The situation is still highly uncertain and we don’t know how long the crisis will last. There are many companies that simply cannot operate. However, there are a lot of very resilient companies.
We feel that the market may now be entering a second phase. The first phase was characterised by maximum pain and indiscriminate selling that was met by policy support, and now we are entering phase two where we will still have periods of volatility, and we will have downgrades and defaults, but will we see greater distinction between winners and losers. This is a great opportunity for security selection, and this is our primary focus at Schroders. We believe in our ability to navigate such an environment for our clients and in our ability to distinguish risk from opportunity.
Schroders has a bottom up approach to our credit strategies and we have an integrated global framework of research analysts and fund managers that enables us to dig deep into business models. Those business models and the external environment are changing rapidly, and we are actively and rigorously stress testing business models of companies we invest in.
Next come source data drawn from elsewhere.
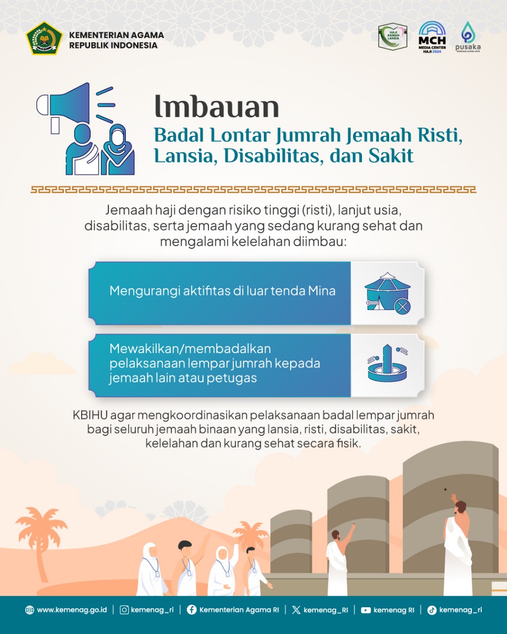 Ia mengungkapkan, imbauan ini dikeluarkan mengingat suhu yang tinggi serta untuk menghindari tekanan panas bagi jemaah.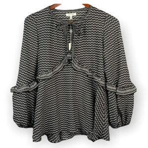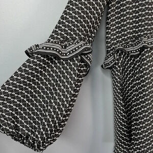 MAX STUDIO NWT Ruffled Tie Neck Balloon Sleeve Blouse Black White Pattern Size S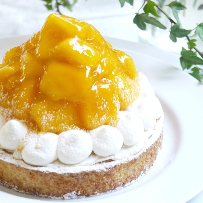 原材料名 マンゴー(タイ産)、生クリーム、クリームチーズ、粗糖、小麦粉、バター、卵、アーモンドプードル、全粒粉小麦粉、ナパージュ(水飴、砂糖) 添加物、安定剤(ペクチン)、ゼラチン、酸味料、香料 (一部に乳成分、卵、小麦を含む)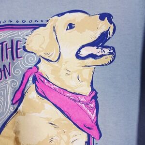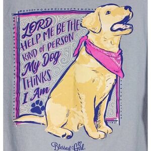 The product is a "Blessed Girl" t-shirt in light blue, featuring a solid pattern with a crew neckline and short sleeves. It is made from 100% cotton, making it comfortable for casual wear. The t-shirt is in size S, perfect for a regular fit for women. With a pullover closure and basic style, this t-shirt is ideal for travel and everyday casual occasions, showcasing a classic dog theme.
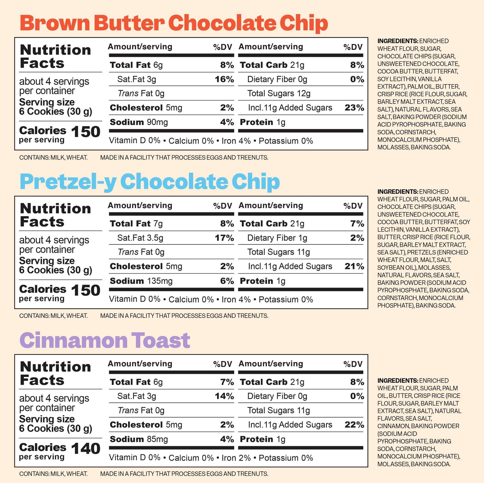 Q: What are the main flavors of the Milk Bar Super Crunchy Cookies?A: The Milk Bar Super Crunchy Cookies come in three delicious flavors: Cinnamon Toast, Pretzel-y Chocolate Chip, and Brown Butter Chocolate Chip. Each flavor offers a unique taste experience, combining crunchy rice cereal with classic cookie ingredients.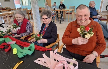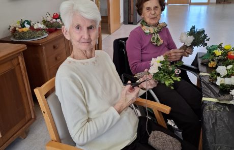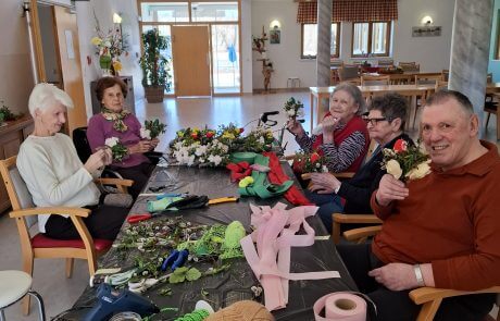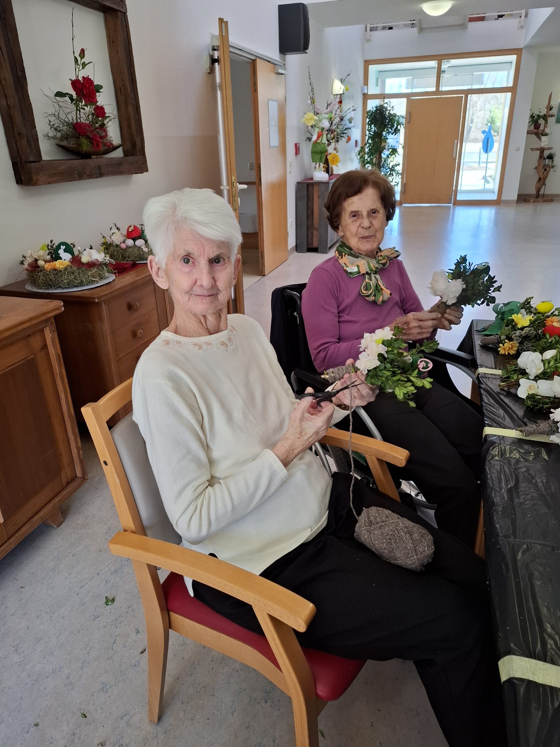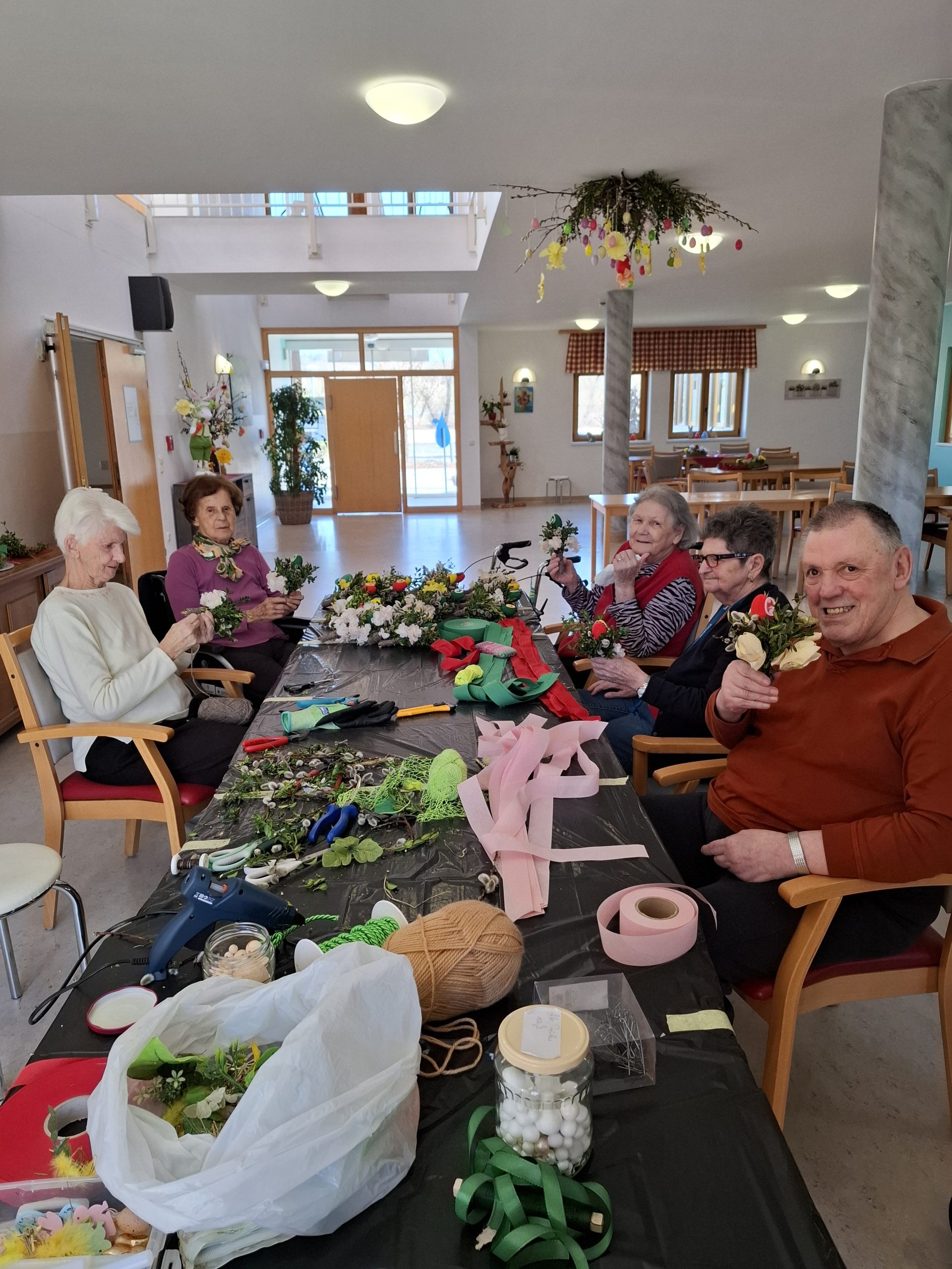 Die Senior:innen des SeneCura St. Veit binden eifrig Palmbuschen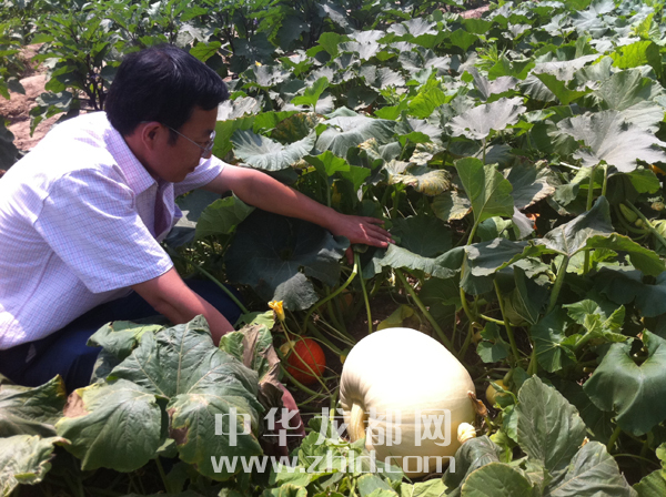 川匯區(qū)蔬菜研究所副所長(zhǎng)康俊君蹲下身子撥開(kāi)綠綠的葉子,指著已長(zhǎng)成的太空南瓜(如圖二)說(shuō):“現(xiàn)在這個(gè)太空南瓜有十多斤重了,這些南瓜最大可長(zhǎng)到幾十斤甚至百斤。”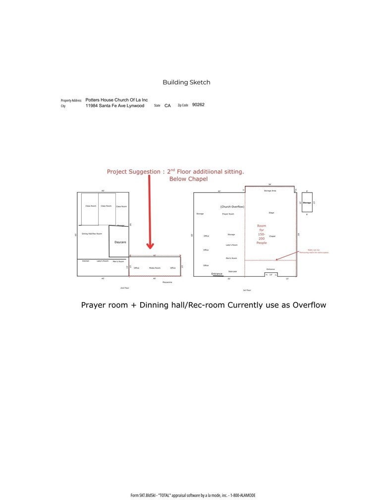 Subject is a church with 7,960 sf and 600 sf of mezzanine area total : 8560 This is a rare opportunity to acquire a well-maintained, fully improved facility located in a desirable R-3 zoned district 2 merge building with parking, surrounded by industrial zoning—offering a broad range of potential uses. Located in the heart of Lynwood with direct access to major freeways including the 105 and 710, this property offers unparalleled connectivity. Strategically positioned near key development zones within both the City of Lynwood and Los Angeles County, the area is experiencing significant revitalization through infrastructure upgrades, affordable housing projects, and community-focused economic initiatives. Enjoy convenient proximity to popular destinations such as Plaza Mexico, just minutes away, with Downtown Los Angeles only 10 miles out and Orange County accessible in under 24 miles. The property also benefits from its closeness to major upcoming attractions like the highly anticipated Lucas Museum of Narrative Art. This is an ideal investment opportunity for businesses or developers seeking location, growth potential, and urban connectivity. for continued institutional use or redevelopment, this flexible property is well-suited for investors, developers, nonprofits, or faith-based organizations.l* Buyer to verify all uses with the City of Lynwood Attached Housing: Townhomes or condominiums Assisted Living: Senior housing or care facilities (subject to jurisdiction) Group Housing: Licensed group or transitional housing Educational Use: Schools, daycares, and preschools (may require CUP) Property Features Main Floor Three private offices Prayer room Small cafeteria Nursery Men’s and women’s restrooms Mezzanine (600 sq ft) Media room Two additional offices Extended Second Floor Area Full commercial-grade kitchen(Been Repair) and dining hall Two classrooms Multiple extra rooms and storage spaces Men’s and women’s restrooms with showers (Been repair-see pic) Recent Upgrades & Amenities Central air and heating system New ductless air conditioning units New dual-pane, energy-efficient windows New carpet and ceramic tile flooring Fresh interior paint Recently replaced roof on both buildings This move-in-ready facility offers functional space with the ability to serve multiple user types and a location strategically positioned near ongoing city revitalization projects.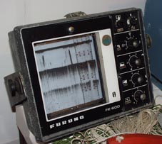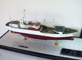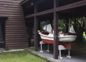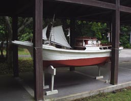 4. 博物館-入り口には漁船模型が展示されている。 [拡大画像(x13638.jpg)][拡大画像(x13639.jpg)] 船の錨の奉納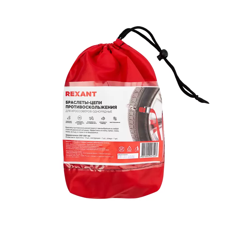 Цепи (браслеты) противоскольжения REXANT для кроссоверов, однорядные, к-т 6 шт.

We will not add risk indiscriminately. We remain strongly focused on company analysis and seeking the best balance between risk and return. Our analysts are spending a great deal of time evaluating businesses to identify those which can be most resilient and emerge from the crisis in good shape. We remain focused mostly on high quality and non-cyclical sectors adding to existing holdings at attractive levels or picking up new issues at attractive concessions to the secondary market.
Key questions are does the company have maturity run way? Are they drawing on their bank credit facilities to supplement liquidity? Another point that is so important at this stage is keeping the dialogues with management – those are relationships that we’ve build over the years.
As the situation continues to evolve rapidly, it’s important to keep dialogue with companies so that we really understand what’s happening inside the business, be that with supply chains, for example, or importantly how well supported their balance sheets are.
With our global network of analysts and fund managers across fixed income and credit, not to mention various other asset classes, all of whom we can draw on, we think we are in a strong position to identify and capture the opportunities now opening up.
Any security(s) mentioned above is for illustrative purpose only, not a recommendation to invest or divest.